[Exercise description]: Copy the listing below exactly, but skip the pictures.

[Data shown]:

------------------------------------------------------------

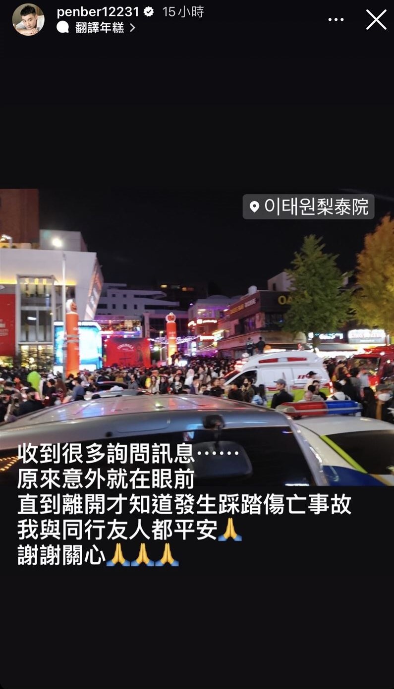 潘柏希在上個月26日飛往韓國旅遊,還時常在社群分享所見所聞,而他日前透露,29日梨泰院踩踏案發生時,人正好在現場,「現在想起來還是餘悸猶存」!他表示當時與朋友正好往事故地點前進,「只剩幾公尺的距離,聽到很多哭聲、慘叫聲」,還看到了很多警消人員及裝扮的人,由於他聽不懂韓文,所以一直以為是萬聖節的表演節目。
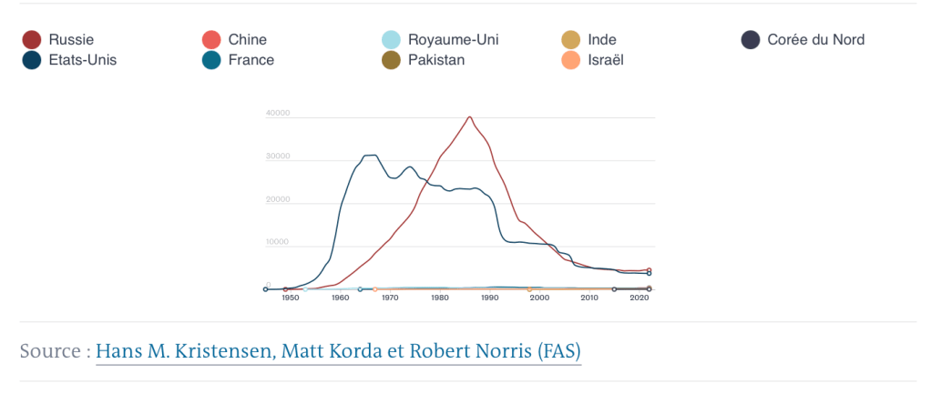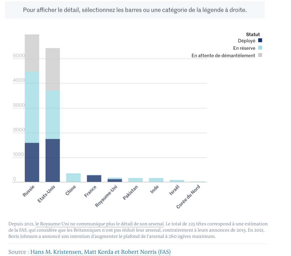 Le stock mondial d’ogives est réparti de manière très inégale entre les puissances nucléaires. La Russie et les Etats-Unis, protagonistes de la course aux armements lors de la guerre froide, en détiennent à eux deux environ 90 %. Chacun possède environ 4 000 charges nucléaires opérationnelles. Toutefois « la plupart des arsenaux de petite taille peuvent mettre fin à la civilisation telle que nous la connaissons », rappelle Benoît Pelopidas, fondateur du programme d’étude des savoirs nucléaires (Sciences Po, CERI).
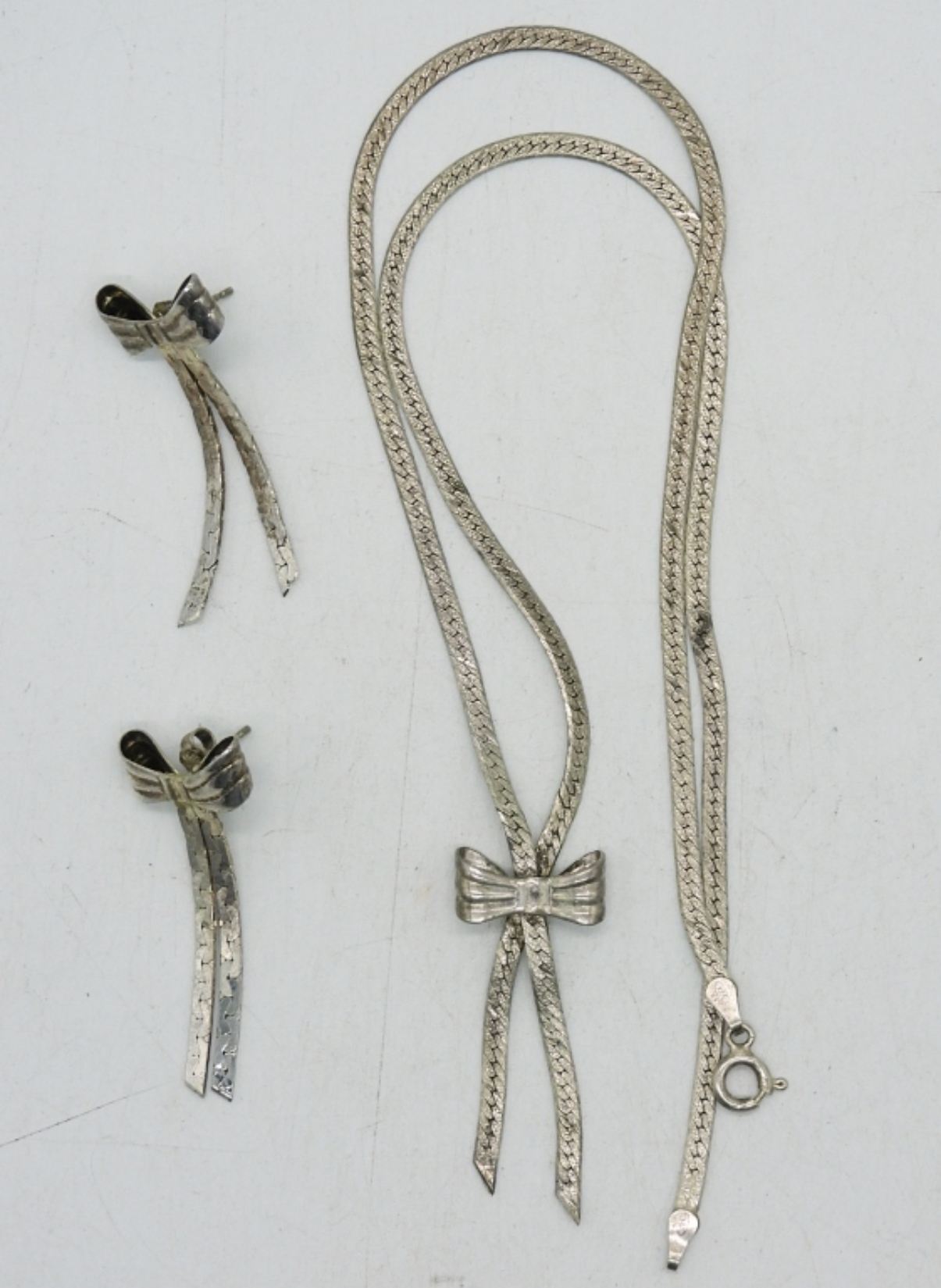 VINTAGE STERLING BOWS SET. NECKLACE IS 18″. EARRINGS ARE PIERCED. CLASP ON NECKLACE DOES NOT WORK EASILY, NEEDS SOME REPAIR!!! 6 DWT

------------------------------------------------------------

[Answer space]:
 潘柏希在上個月26日飛往韓國旅遊,還時常在社群分享所見所聞,而他日前透露,29日梨泰院踩踏案發生時,人正好在現場,「現在想起來還是餘悸猶存」!他表示當時與朋友正好往事故地點前進,「只剩幾公尺的距離,聽到很多哭聲、慘叫聲」,還看到了很多警消人員及裝扮的人,由於他聽不懂韓文,所以一直以為是萬聖節的表演節目。
 Le stock mondial d’ogives est réparti de manière très inégale entre les puissances nucléaires. La Russie et les Etats-Unis, protagonistes de la course aux armements lors de la guerre froide, en détiennent à eux deux environ 90 %. Chacun possède environ 4 000 charges nucléaires opérationnelles. Toutefois « la plupart des arsenaux de petite taille peuvent mettre fin à la civilisation telle que nous la connaissons », rappelle Benoît Pelopidas, fondateur du programme d’étude des savoirs nucléaires (Sciences Po, CERI).
 VINTAGE STERLING BOWS SET. NECKLACE IS 18″. EARRINGS ARE PIERCED. CLASP ON NECKLACE DOES NOT WORK EASILY, NEEDS SOME REPAIR!!! 6 DWT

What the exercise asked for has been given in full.